* **WHAT IS REQUIRED**
Once you find the line below that has "門廳、客廳、2臥室、廚房、餐廳、衛生間 | |||", output it and every line after it exactly, stopping after the line that has "研究生(硕博)必办环节:财务", with no pictures.

* **DATA FOR REVIEW**
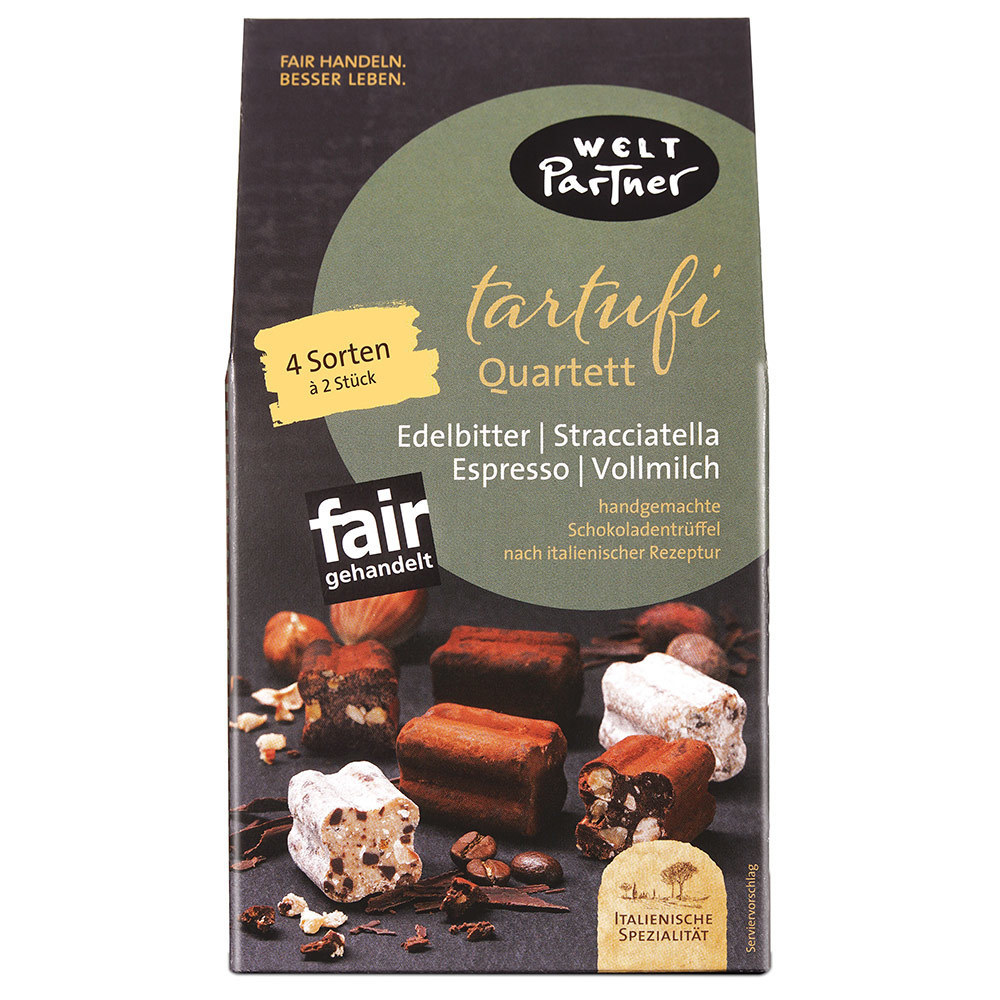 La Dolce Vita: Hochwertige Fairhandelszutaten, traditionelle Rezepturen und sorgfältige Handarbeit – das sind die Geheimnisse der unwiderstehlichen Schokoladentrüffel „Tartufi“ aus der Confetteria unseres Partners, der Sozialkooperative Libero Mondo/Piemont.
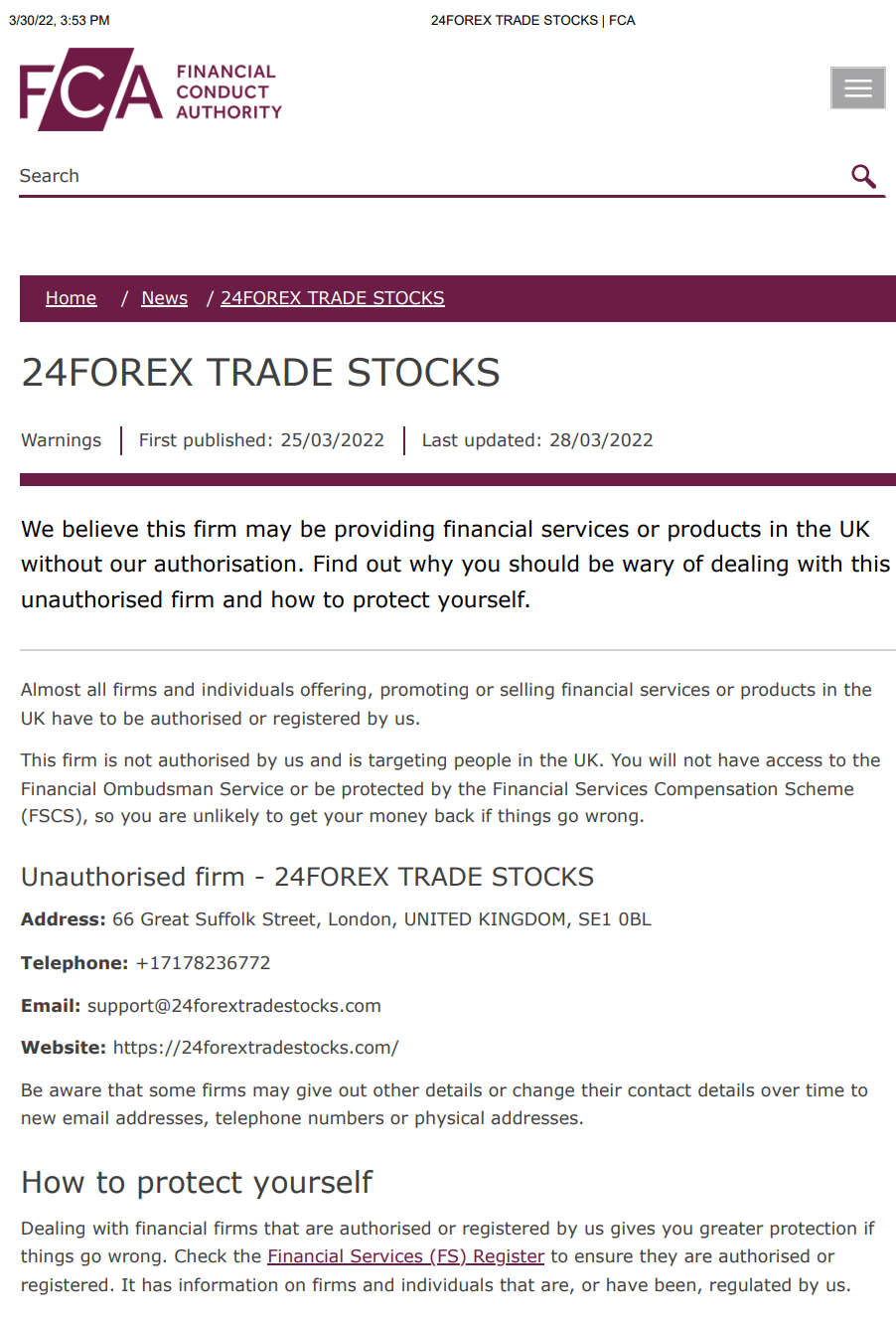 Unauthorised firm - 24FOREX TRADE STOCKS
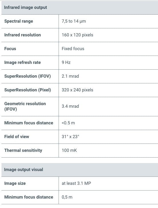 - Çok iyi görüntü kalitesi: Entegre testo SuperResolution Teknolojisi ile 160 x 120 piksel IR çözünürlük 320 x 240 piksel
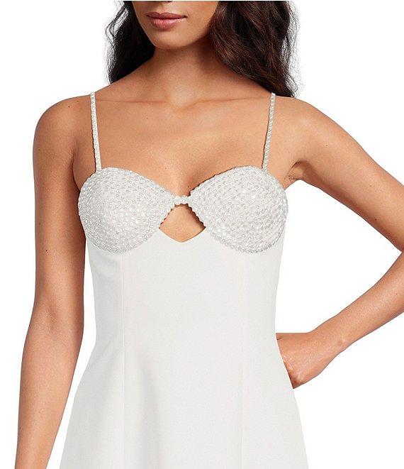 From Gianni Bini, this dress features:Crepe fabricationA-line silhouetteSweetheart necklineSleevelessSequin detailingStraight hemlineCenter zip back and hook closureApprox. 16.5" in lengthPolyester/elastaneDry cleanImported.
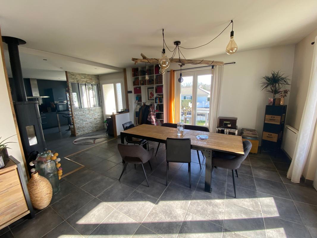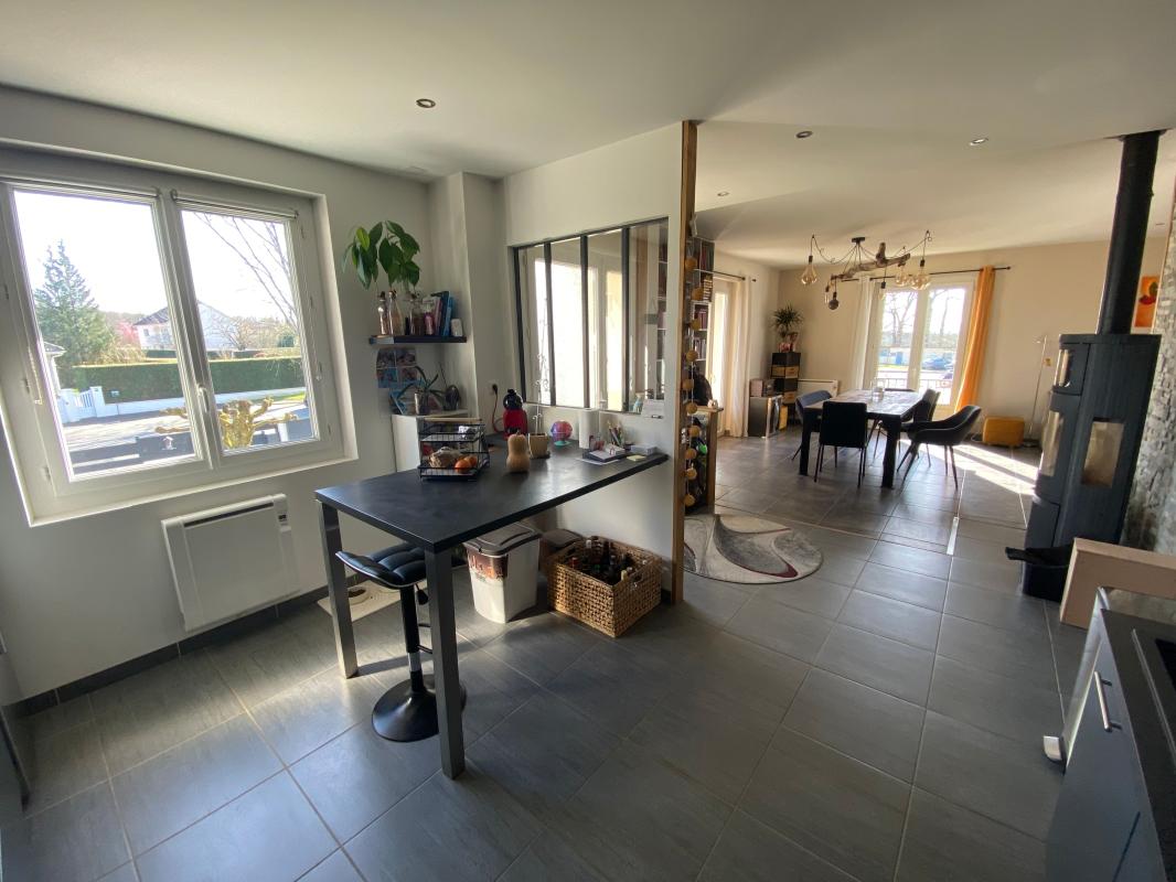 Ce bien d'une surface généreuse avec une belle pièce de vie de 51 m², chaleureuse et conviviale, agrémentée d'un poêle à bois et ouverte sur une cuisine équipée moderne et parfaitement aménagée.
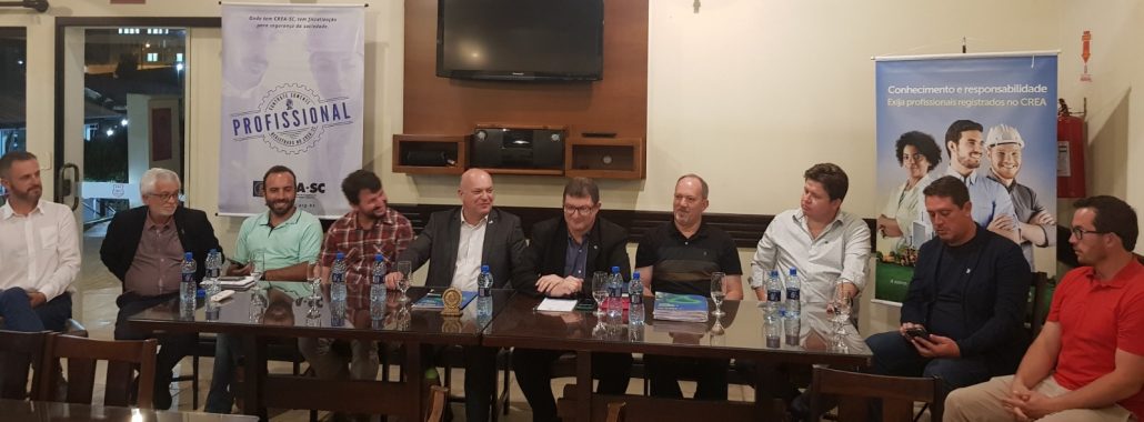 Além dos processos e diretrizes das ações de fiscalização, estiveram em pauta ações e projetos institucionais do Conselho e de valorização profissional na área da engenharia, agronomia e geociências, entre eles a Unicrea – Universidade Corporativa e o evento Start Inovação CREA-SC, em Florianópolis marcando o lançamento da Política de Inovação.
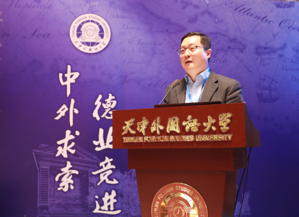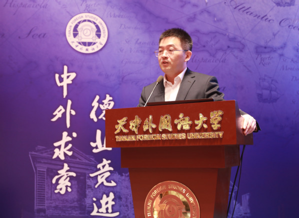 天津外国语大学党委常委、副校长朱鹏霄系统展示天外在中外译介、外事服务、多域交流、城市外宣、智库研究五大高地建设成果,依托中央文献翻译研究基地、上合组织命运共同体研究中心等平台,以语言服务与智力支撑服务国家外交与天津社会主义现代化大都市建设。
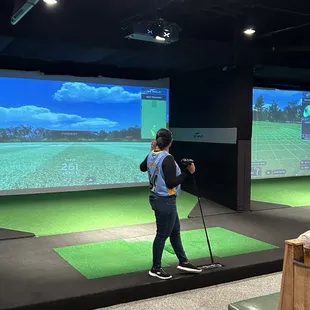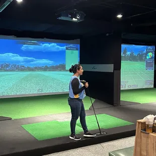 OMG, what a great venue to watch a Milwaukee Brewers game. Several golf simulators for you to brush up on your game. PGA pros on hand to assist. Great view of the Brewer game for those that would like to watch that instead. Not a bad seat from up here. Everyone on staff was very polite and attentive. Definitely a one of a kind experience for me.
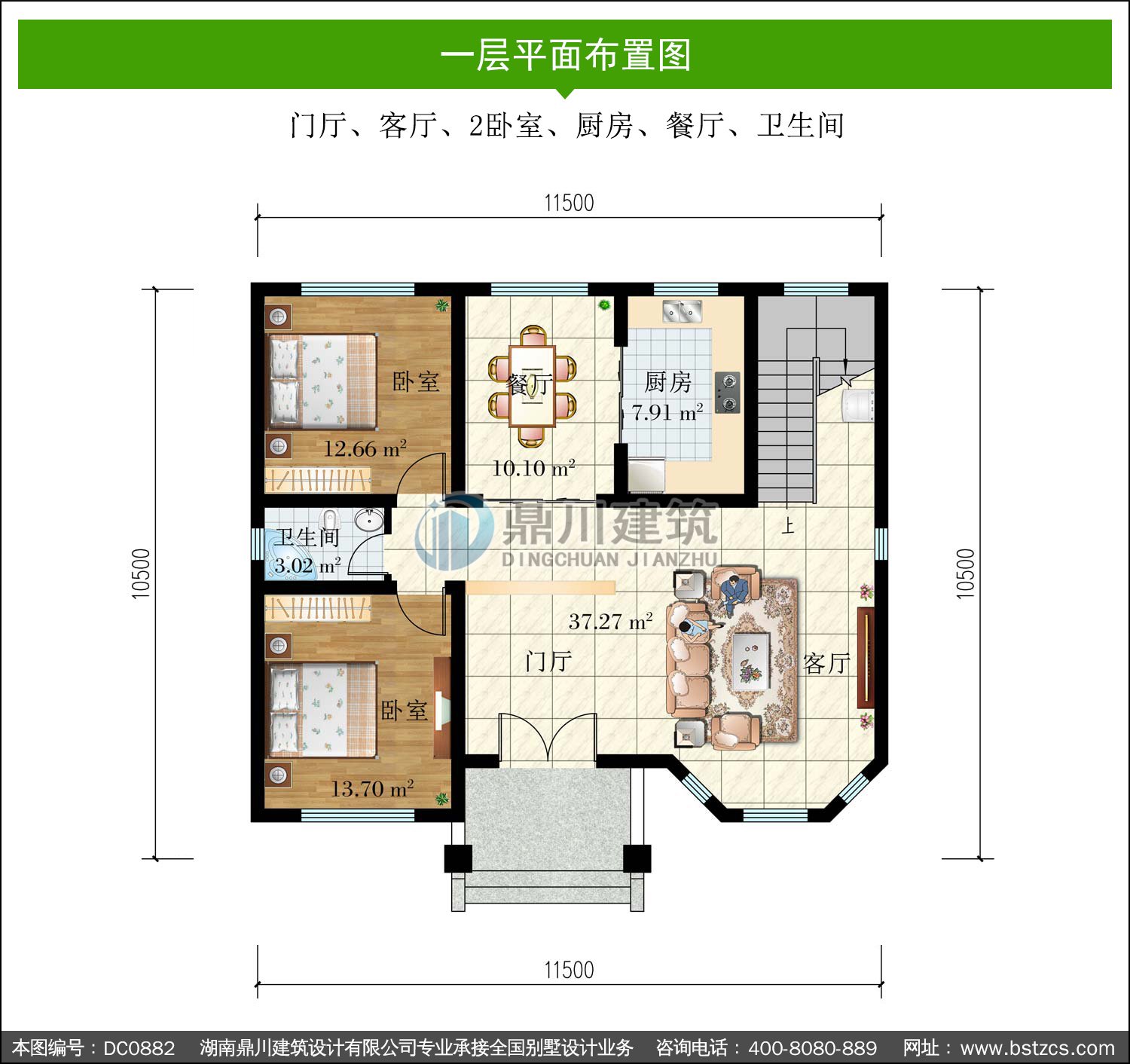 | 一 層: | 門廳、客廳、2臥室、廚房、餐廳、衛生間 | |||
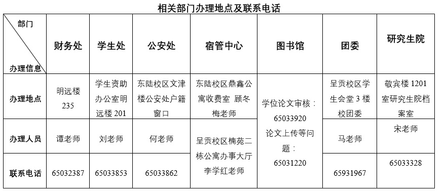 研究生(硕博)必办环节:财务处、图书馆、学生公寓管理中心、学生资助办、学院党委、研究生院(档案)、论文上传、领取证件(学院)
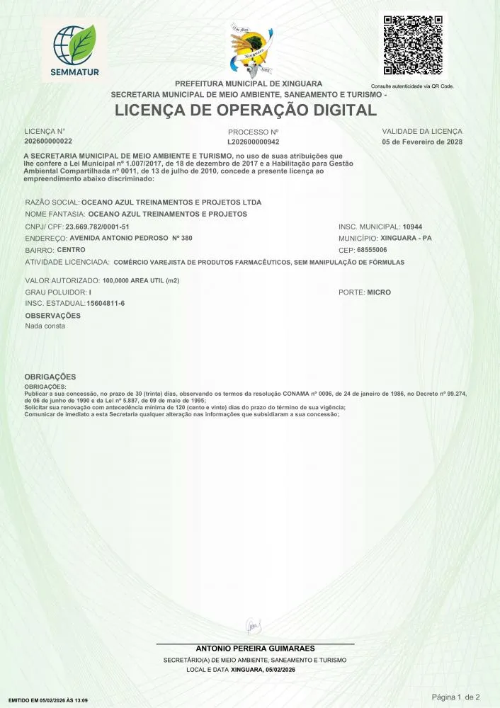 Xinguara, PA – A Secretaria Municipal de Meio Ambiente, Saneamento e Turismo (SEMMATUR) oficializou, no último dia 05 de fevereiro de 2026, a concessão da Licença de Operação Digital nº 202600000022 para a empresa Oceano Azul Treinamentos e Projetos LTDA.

* **TASK SOLUTION**
 | 一 層: | 門廳、客廳、2臥室、廚房、餐廳、衛生間 | |||
 研究生(硕博)必办环节:财务处、图书馆、学生公寓管理中心、学生资助办、学院党委、研究生院(档案)、论文上传、领取证件(学院)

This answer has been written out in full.